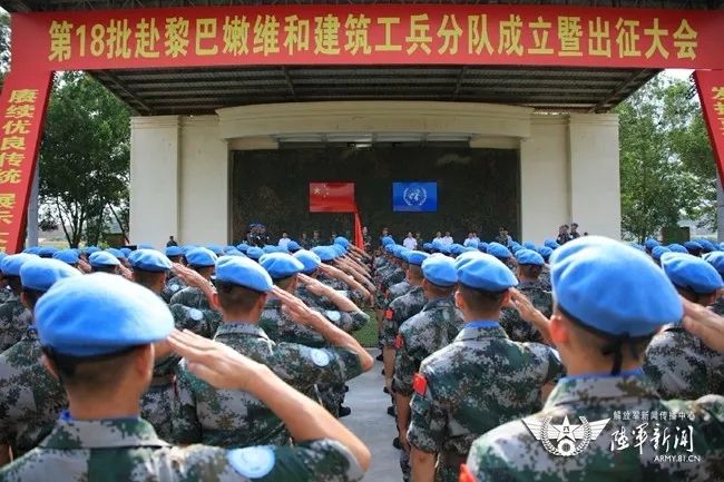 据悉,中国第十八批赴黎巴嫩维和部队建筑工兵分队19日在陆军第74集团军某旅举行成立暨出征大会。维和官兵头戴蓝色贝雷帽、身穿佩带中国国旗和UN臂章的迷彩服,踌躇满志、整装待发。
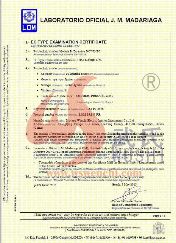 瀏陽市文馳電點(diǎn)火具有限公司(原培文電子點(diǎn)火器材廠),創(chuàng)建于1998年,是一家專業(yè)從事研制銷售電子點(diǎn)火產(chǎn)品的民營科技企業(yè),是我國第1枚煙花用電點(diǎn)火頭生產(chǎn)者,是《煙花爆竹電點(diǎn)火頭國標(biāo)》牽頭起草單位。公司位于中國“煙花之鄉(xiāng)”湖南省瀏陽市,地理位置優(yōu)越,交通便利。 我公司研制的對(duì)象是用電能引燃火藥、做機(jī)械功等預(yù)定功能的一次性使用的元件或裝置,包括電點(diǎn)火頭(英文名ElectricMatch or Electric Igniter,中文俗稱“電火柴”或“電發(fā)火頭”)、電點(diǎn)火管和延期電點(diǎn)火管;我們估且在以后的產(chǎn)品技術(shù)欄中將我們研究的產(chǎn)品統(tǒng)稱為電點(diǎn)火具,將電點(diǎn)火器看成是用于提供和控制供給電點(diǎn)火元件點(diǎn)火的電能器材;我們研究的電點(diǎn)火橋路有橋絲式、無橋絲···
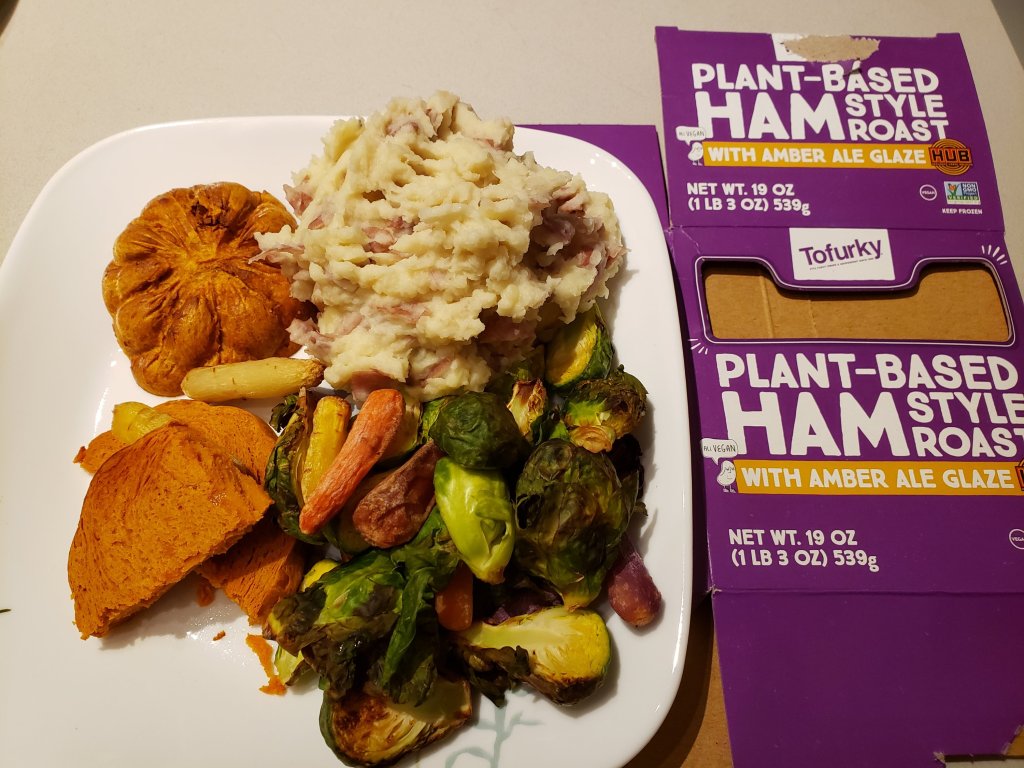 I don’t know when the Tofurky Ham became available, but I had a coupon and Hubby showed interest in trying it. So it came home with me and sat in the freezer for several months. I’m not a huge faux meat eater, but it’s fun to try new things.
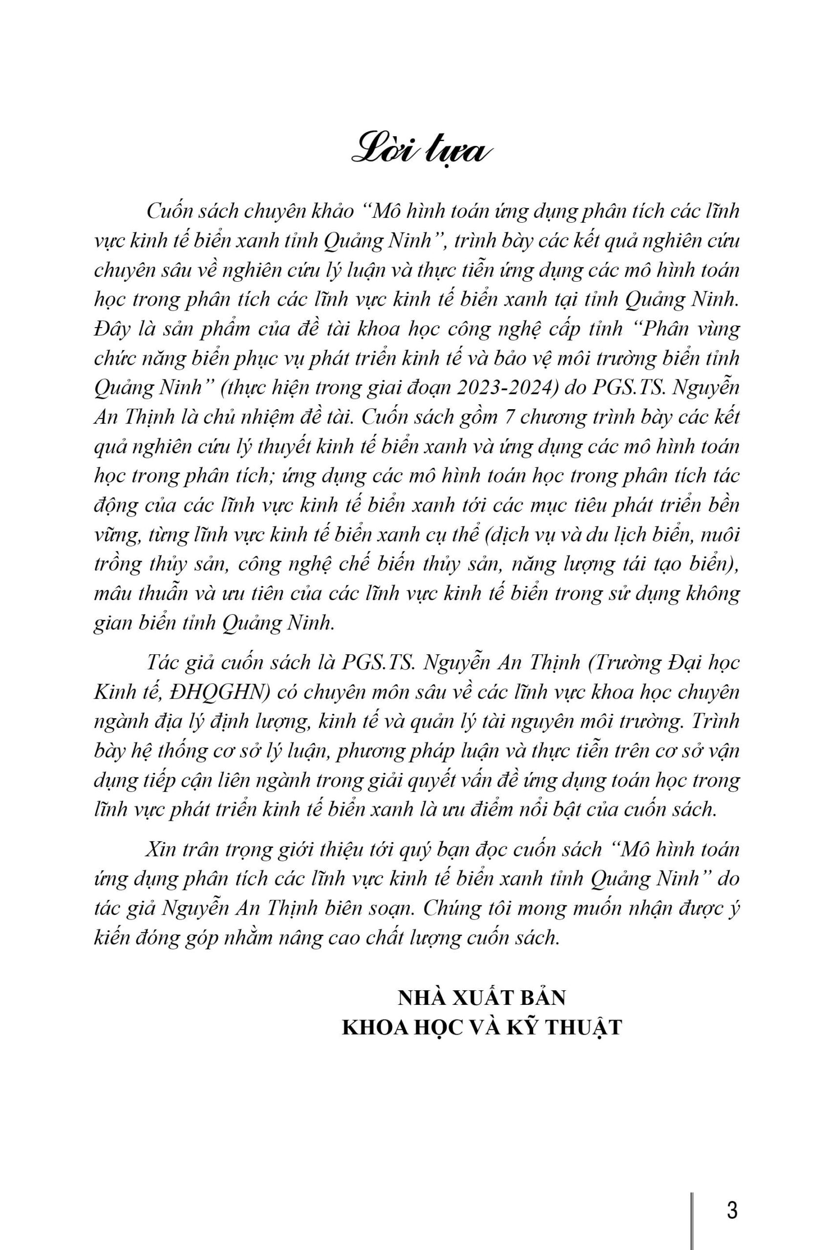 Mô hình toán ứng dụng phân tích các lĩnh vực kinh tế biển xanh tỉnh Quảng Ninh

========

_How to complete this task_:
Please write out exactly the lines from the one holding "I don’t know" through the last line of the material above, both included, as a copy without pictures.

_Answer below_:
 I don’t know when the Tofurky Ham became available, but I had a coupon and Hubby showed interest in trying it. So it came home with me and sat in the freezer for several months. I’m not a huge faux meat eater, but it’s fun to try new things.
 Mô hình toán ứng dụng phân tích các lĩnh vực kinh tế biển xanh tỉnh Quảng Ninh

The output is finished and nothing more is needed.